Hi Peter. You live in Washington, so what i want to know is, what is your favourite tv show and why?
Only fools and horses...why...because its the only show I have literally pissed myself laughing at...anyone remember the scene where delboy is at the wine bar...and falls through the serving hatch?? CLASSIC...ok...im easerly pleased...
How long have you supported a shit team like Leeds for?
Dan...we maybe shit....but at least I COME FROM LEEDS...oh...and since 1971
Which Championship match are you most looking forward to this season?
right now...I'm dreading all of them...but in my dreamstate like mine, I'd say the last game when we lift the championship trophy!
How long would you be at work for if I sent an Envelope full of Talcum Powder or a Shoe box with some Plasticine and some wires?

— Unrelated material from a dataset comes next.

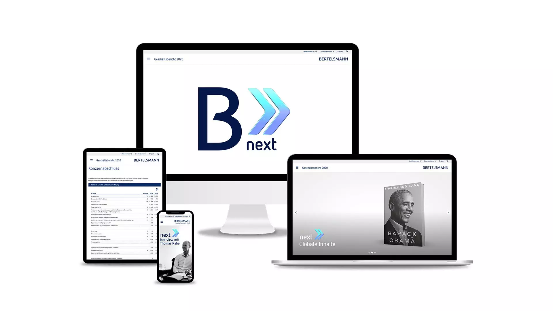 Der Geschäftsbericht 2020 des internationalen Medien-, Dienstleistungs- und Bildungsunternehmens Bertelsmann erscheint erstmals ausschließlich digital und ist ab sofort im Netz verfügbar. Im Mittelpunkt stehen die weiterentwickelten strategischen Prioritäten des Unternehmens, die in den nächsten Jahren für beschleunigtes Wachstum sorgen sollen. Unter dem Leitmotiv „Bertelsmann_next“ gibt der Geschäftsbericht einen Ausblick auf Ziele wie den Auf- und Ausbau nationaler Media-Champions oder den Ausbau der globalen Inhaltegeschäfte und der globalen Services von Bertelsmann. Interessierte erwartet eine Vielzahl digitaler Bonus-Inhalte von Videos über Podcasts bis hin zu Leseproben und weiterführenden Links, anhand derer sich die Erfolge und Vorhaben der Bertelsmann-Geschäfte unterhaltsam und informativ erschließen lassen.
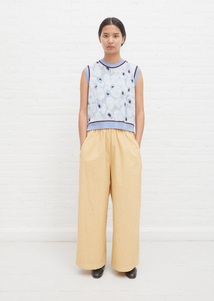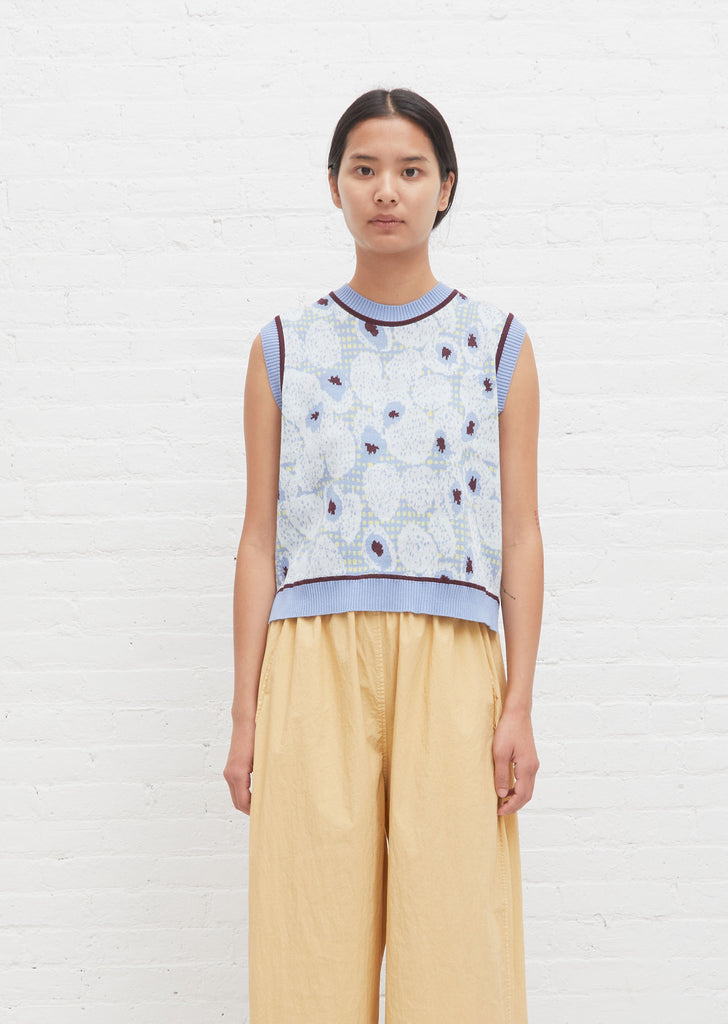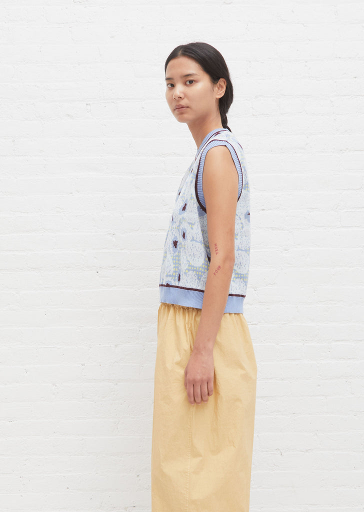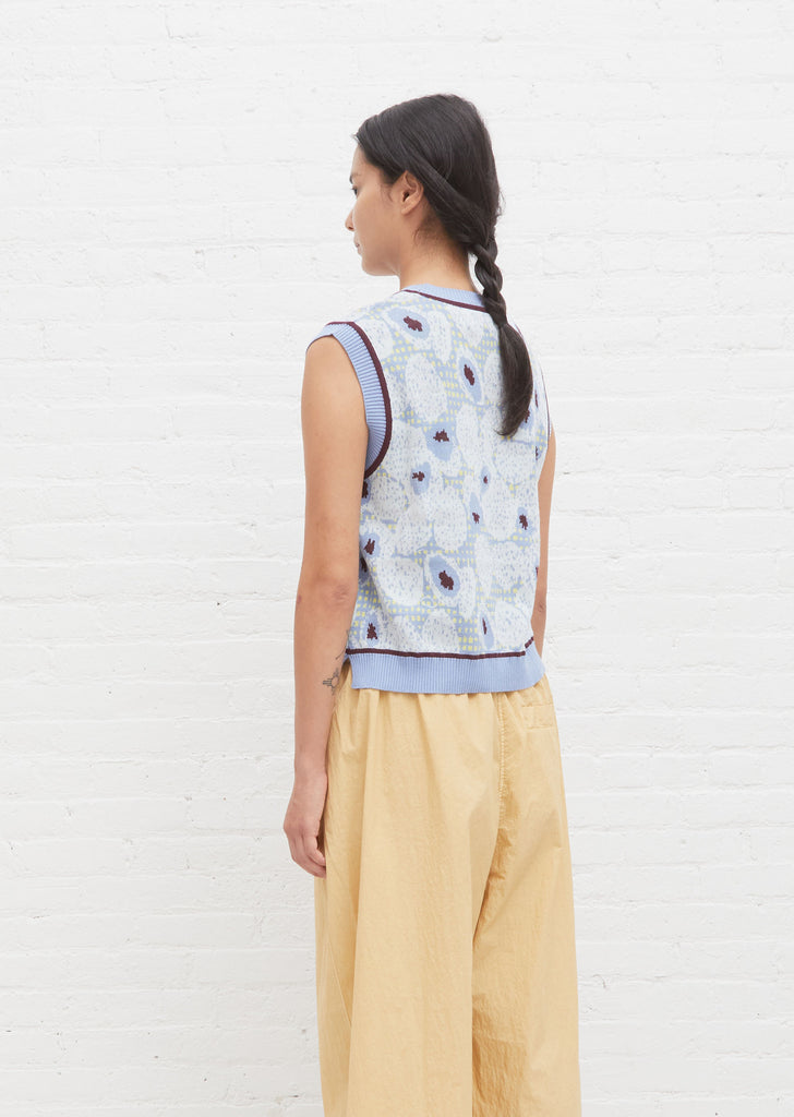 Henrik Vibskov crewneck sweater vest with blue, pale green and white tone 'mint blueberries' print knitted from organic cotton. Ribbed neckline, armholes and hem in solid sky blue with dark brown trim.

You so much as think of that....I will track you down...I will track your family down...your friends...your friends friends...you will never feel safe, and just when you think you have gotten away with it...I'll be there..you will constantly be looking over your shoulder, Your life will no longer be worth living. The hunt will last till you finally draw your last breath
....and errmmm...about 6 hours...
What do you think of American sports compared to English ones?
...the americans have sports???...I just thought they just played gay rugby with pads...or that imitation cricket thingy...or did you mean that girly netball game with rather tall black dudes??? NOTHING beats football, or as the yanks would say SAAAARRRRRRKEEEERRRRRR.....
You live in America and work in the British Embassy, do you have a gun? if so what type is it? and can you shoot very good with it?
I'm sorry, but if I told you that...I would have to shoot you between your eyes at 500 paces with my 9mm browning ....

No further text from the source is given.